SUPPLIED DATA:
◆ ◆ ◆ ◆ ◆ ◆ ◆

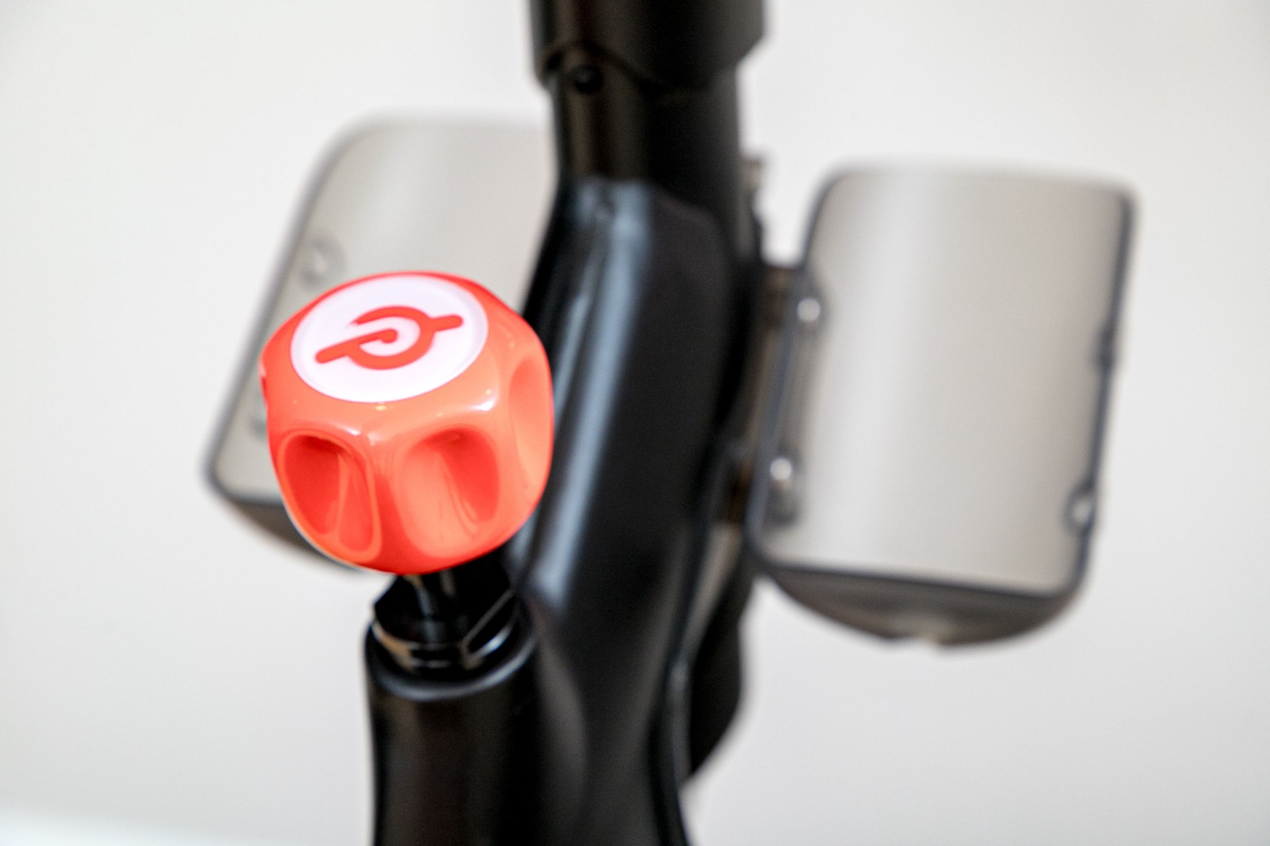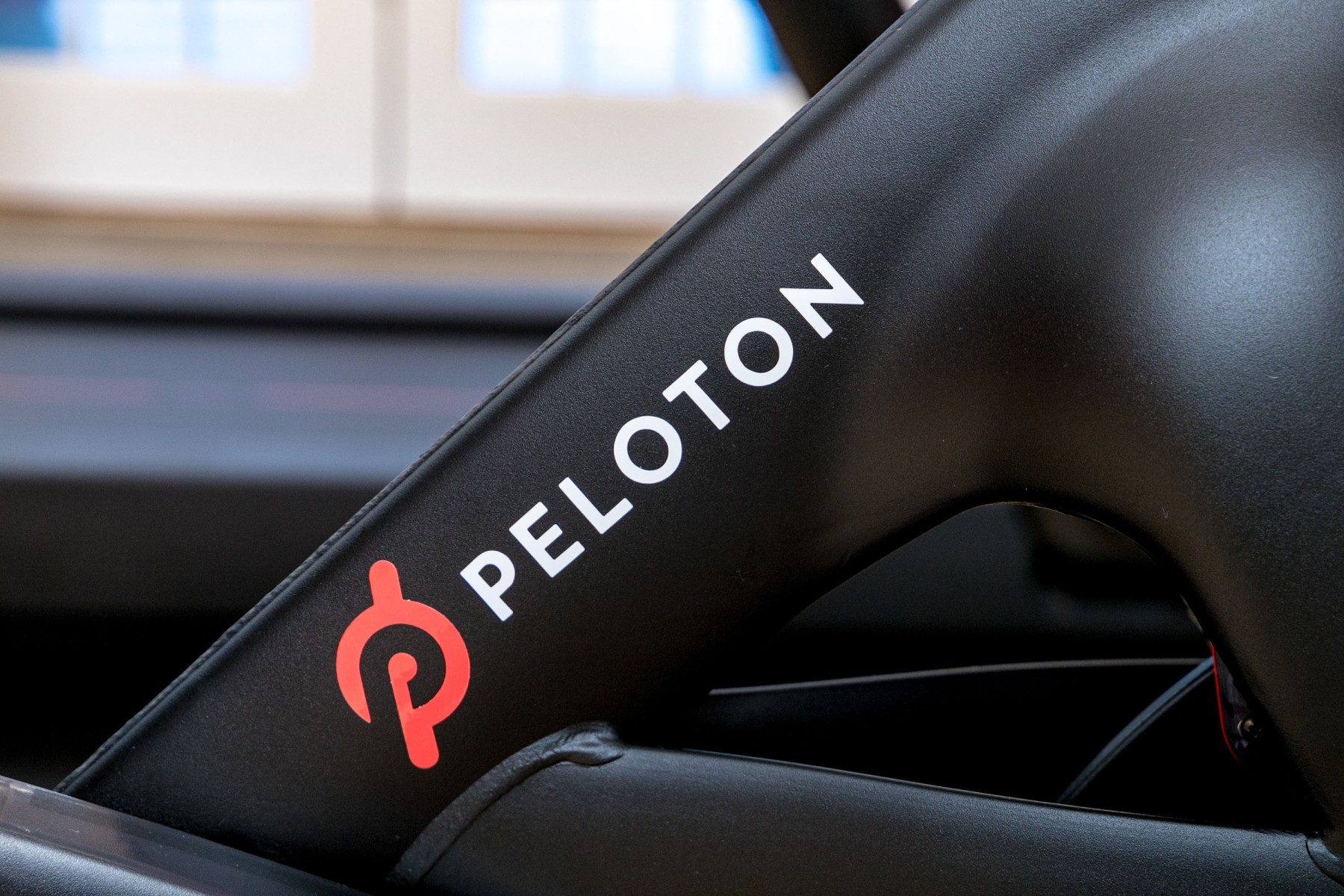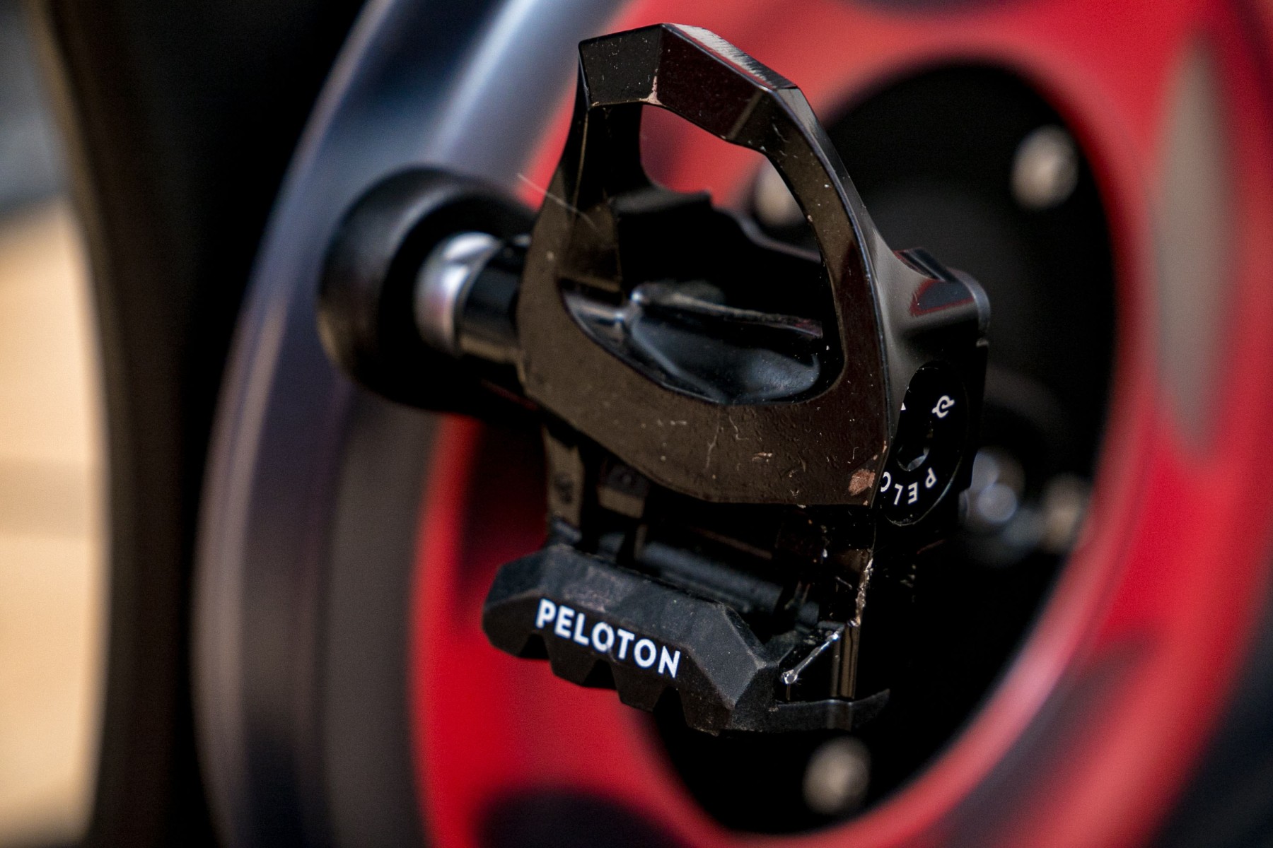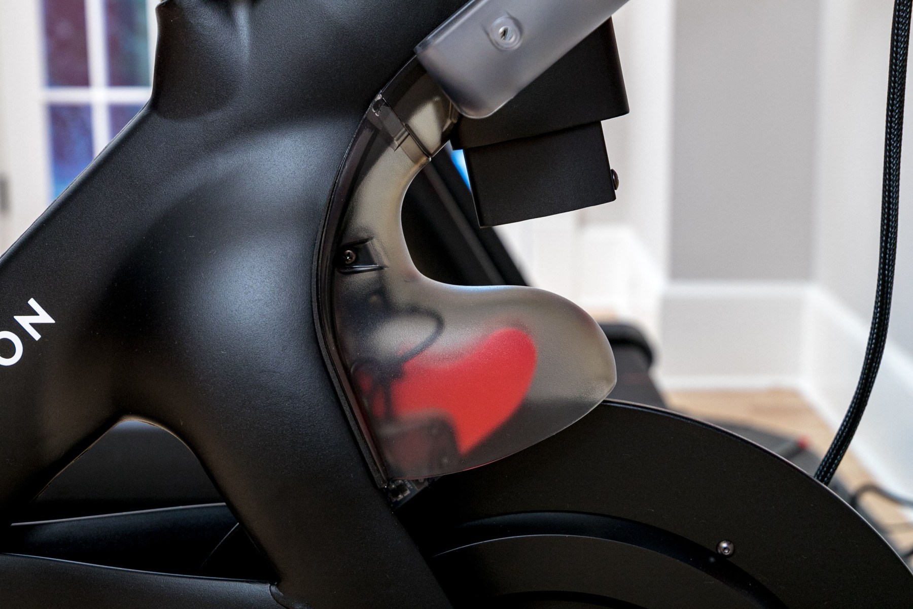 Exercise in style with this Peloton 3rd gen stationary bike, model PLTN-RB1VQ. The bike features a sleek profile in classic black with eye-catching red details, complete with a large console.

◆ ◆ ◆ ◆ ◆ ◆ ◆

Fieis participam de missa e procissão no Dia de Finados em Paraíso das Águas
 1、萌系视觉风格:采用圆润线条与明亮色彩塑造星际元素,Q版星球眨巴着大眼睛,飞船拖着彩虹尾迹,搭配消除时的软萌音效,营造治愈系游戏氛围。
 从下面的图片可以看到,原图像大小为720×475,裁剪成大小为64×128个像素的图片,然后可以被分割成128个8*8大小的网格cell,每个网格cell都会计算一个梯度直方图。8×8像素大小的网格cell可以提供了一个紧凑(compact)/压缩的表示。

◆ ◆ ◆ ◆ ◆ ◆ ◆

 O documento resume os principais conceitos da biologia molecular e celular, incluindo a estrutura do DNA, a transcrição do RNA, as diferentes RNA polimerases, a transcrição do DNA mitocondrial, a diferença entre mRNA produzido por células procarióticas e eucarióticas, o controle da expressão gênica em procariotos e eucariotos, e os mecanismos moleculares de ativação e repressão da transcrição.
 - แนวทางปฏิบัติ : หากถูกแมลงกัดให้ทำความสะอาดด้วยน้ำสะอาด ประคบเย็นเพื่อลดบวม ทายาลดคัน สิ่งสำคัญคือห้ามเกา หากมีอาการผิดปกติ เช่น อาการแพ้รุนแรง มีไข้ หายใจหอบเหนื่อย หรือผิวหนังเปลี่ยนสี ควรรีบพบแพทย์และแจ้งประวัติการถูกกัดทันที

◆ ◆ ◆ ◆ ◆ ◆ ◆

ASSIGNED TASK: Using the data above, repeat exactly the lines that begin at the line with "1、萌系视觉风格:采用圆润线" and end at the line with "从下面的图片可以看到,原图像", both ends included.

RESULT OF THIS EXERCISE:
 1、萌系视觉风格:采用圆润线条与明亮色彩塑造星际元素,Q版星球眨巴着大眼睛,飞船拖着彩虹尾迹,搭配消除时的软萌音效,营造治愈系游戏氛围。
 从下面的图片可以看到,原图像大小为720×475,裁剪成大小为64×128个像素的图片,然后可以被分割成128个8*8大小的网格cell,每个网格cell都会计算一个梯度直方图。8×8像素大小的网格cell可以提供了一个紧凑(compact)/压缩的表示。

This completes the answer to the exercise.